Collected data:
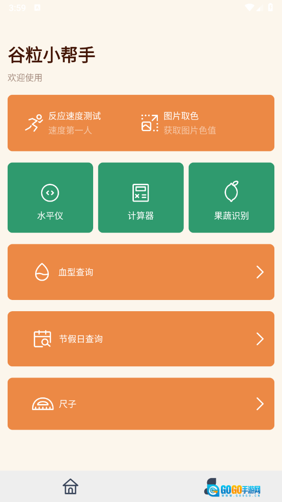 多功能整合:集合了反应速度测试、颜色提取器、水平仪、日期计算器、果蔬识别、血型查询、节日查看、尺子等各类实用功能,基本覆盖了日常生活里可能用到的各类小工具。
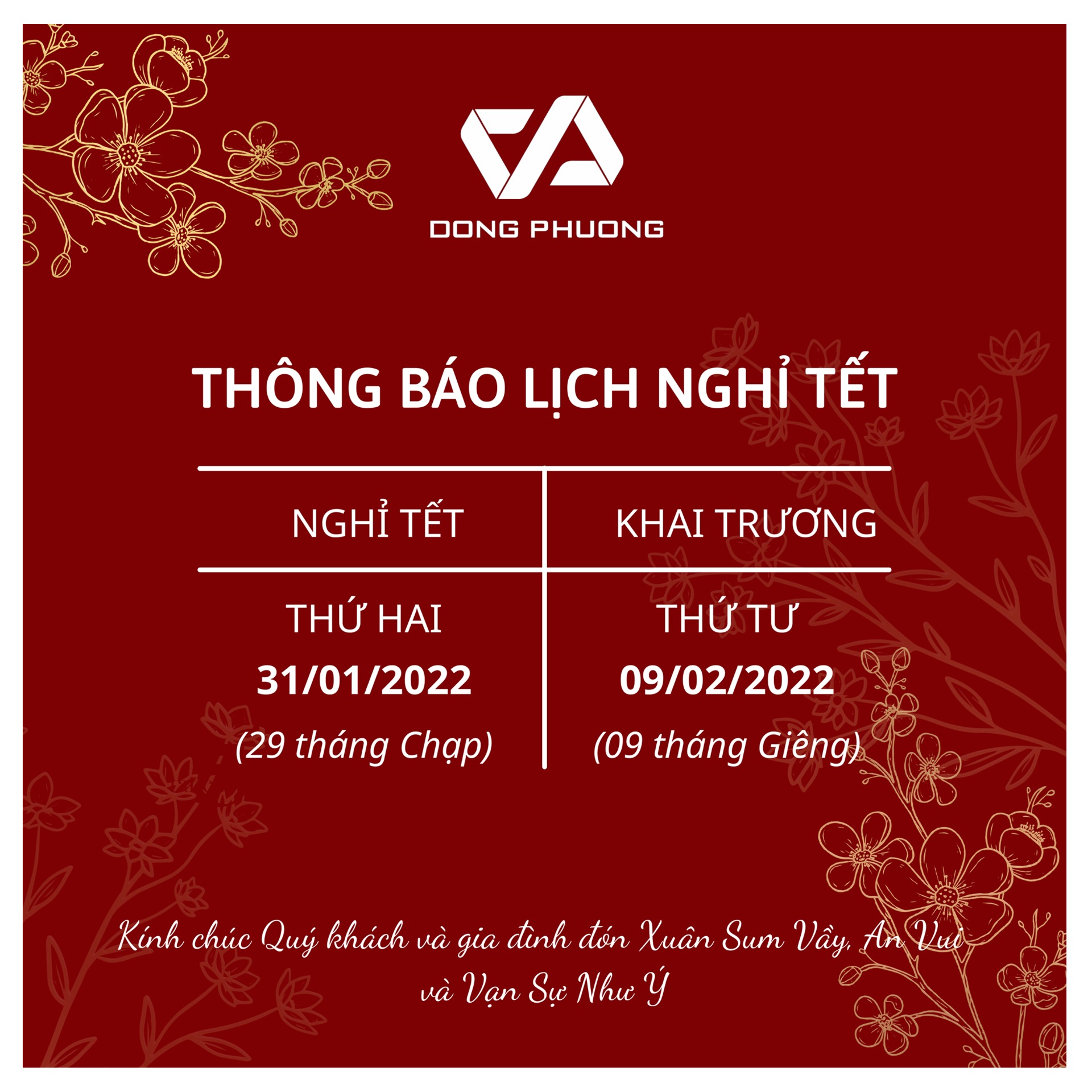 CÔNG TY TNHH NHÔM KÍNH ĐÔNG PHƯƠNG thông báo lịch nghỉ Tết Nguyên Đán 2022 như sau:
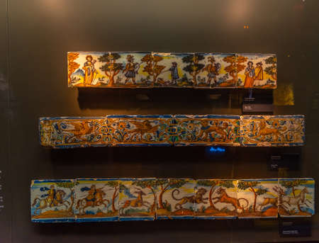 LISBON, PORTUGAL - FEBRUARY 2, 2019: ancient medieval XIV century portuguese azulejo, traditional painted tile with a wolf, or dog, in Lisbon National Tile Museum on february 2, 2019
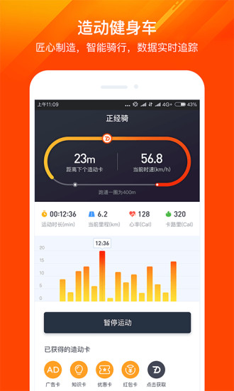 我们可以利用自己的时间进行碎片化运动,多场景投放,用户随时随地获得运动服务。打造一种全新的便捷、健康、智能的运动方式。全国首创共享健身车软件平台。丰富的运动指南经验分享,让你了解更多专业健身知识,帮你定制科学健康的生活方式。让运动随时随地。
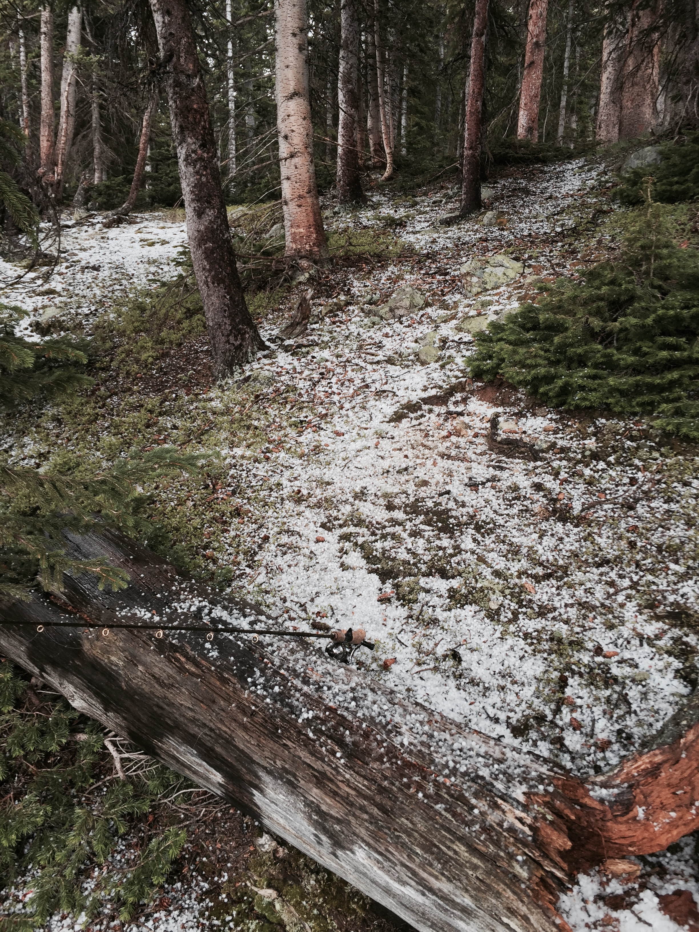 intervene. The partly sunny sky goes dark in a flash, and I am pelted with a nice mountain hail storm! The temperature plunges to near freezing as I huddle under a tree, wrapped in my fleece jacket and poncho for half an hour, thankful I remembered to pack my stocking cap and warm gloves. Half way through the storm a couple of guys come up the trail in shorts and no hats–they ask me if there is a shortcut back to Boss Lake!! No wonder people die in these mountains every summer. I have to break the bad news to them. Fortunately the sun soon breaks back out, and the rest of the day is warm with a blue-bird sky. I don’t find any bodies on the way back later, so happy to report the boys apparently made it safely. And more importantly, the fish are hungry!

What you need to do:
From the line containing "CÔNG TY TNHH" through the last line of the records, both included, output those lines exactly and nothing else; skip the pictures.

Solution for this exercise:
 CÔNG TY TNHH NHÔM KÍNH ĐÔNG PHƯƠNG thông báo lịch nghỉ Tết Nguyên Đán 2022 như sau:
 LISBON, PORTUGAL - FEBRUARY 2, 2019: ancient medieval XIV century portuguese azulejo, traditional painted tile with a wolf, or dog, in Lisbon National Tile Museum on february 2, 2019
 我们可以利用自己的时间进行碎片化运动,多场景投放,用户随时随地获得运动服务。打造一种全新的便捷、健康、智能的运动方式。全国首创共享健身车软件平台。丰富的运动指南经验分享,让你了解更多专业健身知识,帮你定制科学健康的生活方式。让运动随时随地。
 intervene. The partly sunny sky goes dark in a flash, and I am pelted with a nice mountain hail storm! The temperature plunges to near freezing as I huddle under a tree, wrapped in my fleece jacket and poncho for half an hour, thankful I remembered to pack my stocking cap and warm gloves. Half way through the storm a couple of guys come up the trail in shorts and no hats–they ask me if there is a shortcut back to Boss Lake!! No wonder people die in these mountains every summer. I have to break the bad news to them. Fortunately the sun soon breaks back out, and the rest of the day is warm with a blue-bird sky. I don’t find any bodies on the way back later, so happy to report the boys apparently made it safely. And more importantly, the fish are hungry!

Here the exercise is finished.